What you need to do:
A word-for-word copy of the data, with no images, is the required answer.

Dataset extract:
------
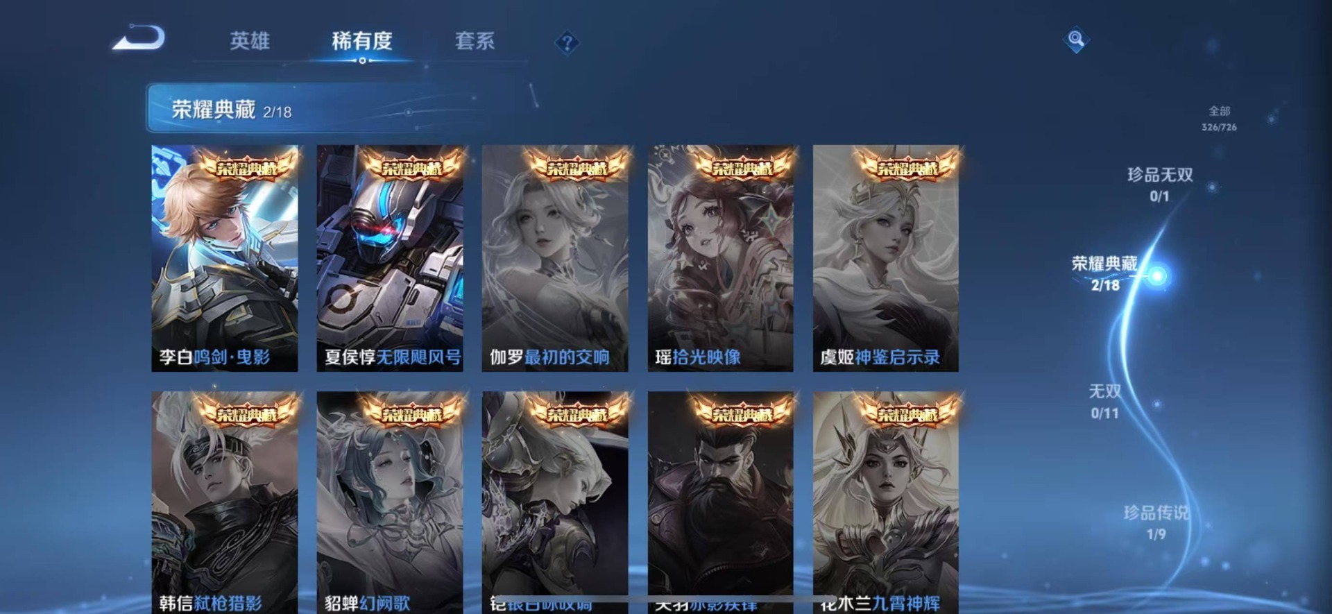 黄忠烈魂,铠青龙志,张飞虎魄,赵云龙胆,小乔纯白花嫁,孙尚香异界灵契,后羿如梦令,后羿辉光之辰,周瑜真爱至上,诸葛亮时雨天司,兰陵王影龙天霄,裴擒虎李小龙,上官婉儿梁祝,上官婉儿天狼绘梦者,李白诗剑行,马可波罗山海·玄木吟,桑启鸣野蒿,猪八戒猪悟能,孙悟空大圣娶亲,孙悟空至尊宝,百里玄策白虎志,马超神威,盘古冰霜神祇,百里守约朱雀志,澜愿照·九州拓,嫦娥如梦令,关羽冰锋战神
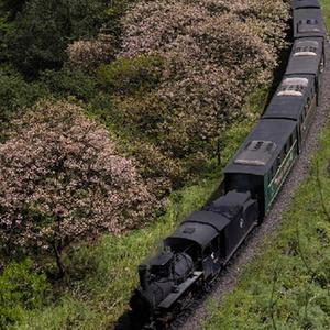 近日,四川省樂(lè )山市犍為縣桐子花盛開(kāi),當地著(zhù)名的老式窄軌蒸汽火車(chē)——嘉陽(yáng)小火車(chē)穿越桐子花叢,鳴笛噴氣,在陽(yáng)光照射下形成一道彩虹,令人驚嘆不已。
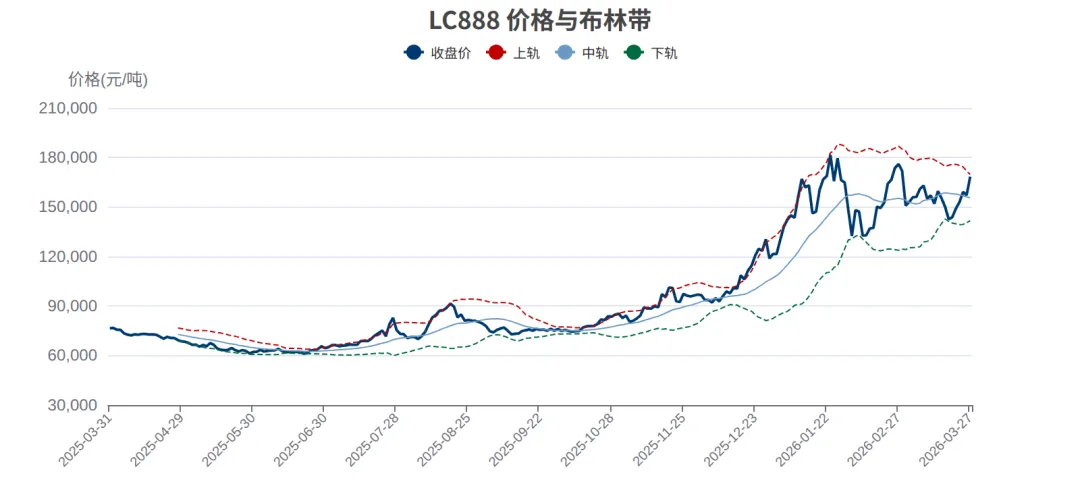 LC888当前价格168,440元/吨位于所有均线上方(MA5: 157,348, MA10: 153,826, MA20: 155,719, MA60: 151,633),多头排列完好。布林带(20日,2倍标准差)上轨169,725、下轨141,713,价格位于中轨上方偏向上轨,显示上行趋势仍在延续但已偏离均值较远。
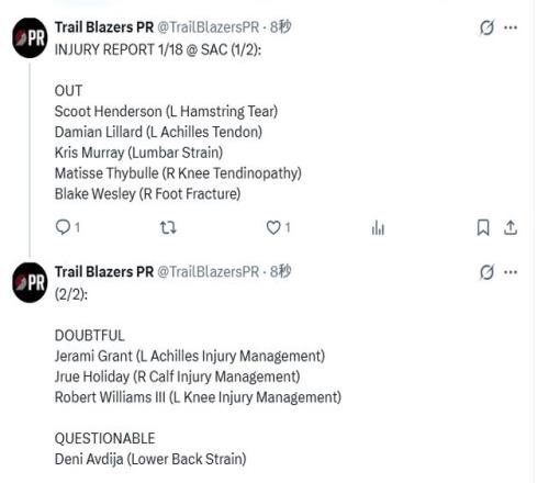 北京时间1月19日,开拓者官方更新了今日背靠背对阵国王的伤病报告,格兰特和罗威都是大概率缺战,杨瀚森预计会获得更多出场时间。另外,此前伤停的阿夫迪亚的状态升级为出战成疑,有望复出。对于瀚森来说,这也是利好,阿夫迪亚是愿意给瀚森传球的队友。
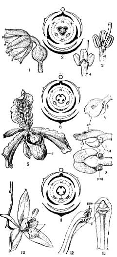 Рис.1. Строение цветков в семействе орхидных (из «Жизни растений») Подсемейство апостасиевые (Apostasioideae), неувидия Ины (Neuwiedia inae): 1. – цветок (чашелистики и лепестки с выраженным килем); 2. – диаграмма цветка; 3,4 – колонка в двух положениях. Подсемейство циприпедиевых (Cypripedioideae), пафиопедилум замечательный (Paphiopedilum insigne): Подсемейство однотычинковых орхидей (Orchidoideae), целогина повислая (Coelogyne flaccida): |
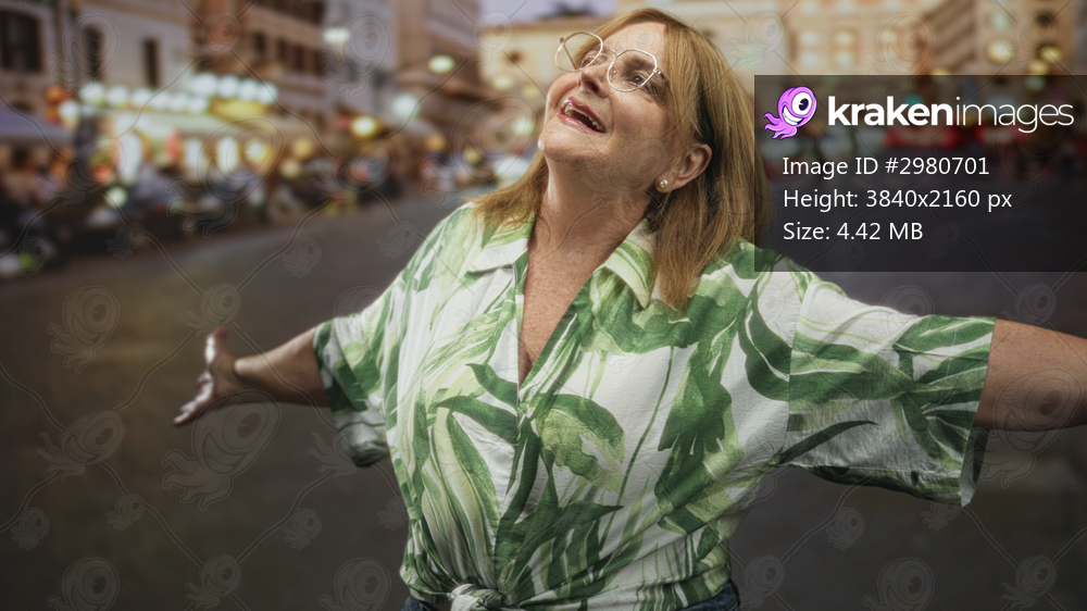 Middle aged woman wearing glasses and a green tropical shirt, arms outstretched with open hands and head tilted up smiling in a street; joyful freedom. - Kraken Images
------
Answer space:
 黄忠烈魂,铠青龙志,张飞虎魄,赵云龙胆,小乔纯白花嫁,孙尚香异界灵契,后羿如梦令,后羿辉光之辰,周瑜真爱至上,诸葛亮时雨天司,兰陵王影龙天霄,裴擒虎李小龙,上官婉儿梁祝,上官婉儿天狼绘梦者,李白诗剑行,马可波罗山海·玄木吟,桑启鸣野蒿,猪八戒猪悟能,孙悟空大圣娶亲,孙悟空至尊宝,百里玄策白虎志,马超神威,盘古冰霜神祇,百里守约朱雀志,澜愿照·九州拓,嫦娥如梦令,关羽冰锋战神
 近日,四川省樂(lè )山市犍為縣桐子花盛開(kāi),當地著(zhù)名的老式窄軌蒸汽火車(chē)——嘉陽(yáng)小火車(chē)穿越桐子花叢,鳴笛噴氣,在陽(yáng)光照射下形成一道彩虹,令人驚嘆不已。
 LC888当前价格168,440元/吨位于所有均线上方(MA5: 157,348, MA10: 153,826, MA20: 155,719, MA60: 151,633),多头排列完好。布林带(20日,2倍标准差)上轨169,725、下轨141,713,价格位于中轨上方偏向上轨,显示上行趋势仍在延续但已偏离均值较远。
 北京时间1月19日,开拓者官方更新了今日背靠背对阵国王的伤病报告,格兰特和罗威都是大概率缺战,杨瀚森预计会获得更多出场时间。另外,此前伤停的阿夫迪亚的状态升级为出战成疑,有望复出。对于瀚森来说,这也是利好,阿夫迪亚是愿意给瀚森传球的队友。
 Рис.1. Строение цветков в семействе орхидных (из «Жизни растений») Подсемейство апостасиевые (Apostasioideae), неувидия Ины (Neuwiedia inae): 1. – цветок (чашелистики и лепестки с выраженным килем); 2. – диаграмма цветка; 3,4 – колонка в двух положениях. Подсемейство циприпедиевых (Cypripedioideae), пафиопедилум замечательный (Paphiopedilum insigne): Подсемейство однотычинковых орхидей (Orchidoideae), целогина повислая (Coelogyne flaccida): |
 Middle aged woman wearing glasses and a green tropical shirt, arms outstretched with open hands and head tilted up smiling in a street; joyful freedom. - Kraken Images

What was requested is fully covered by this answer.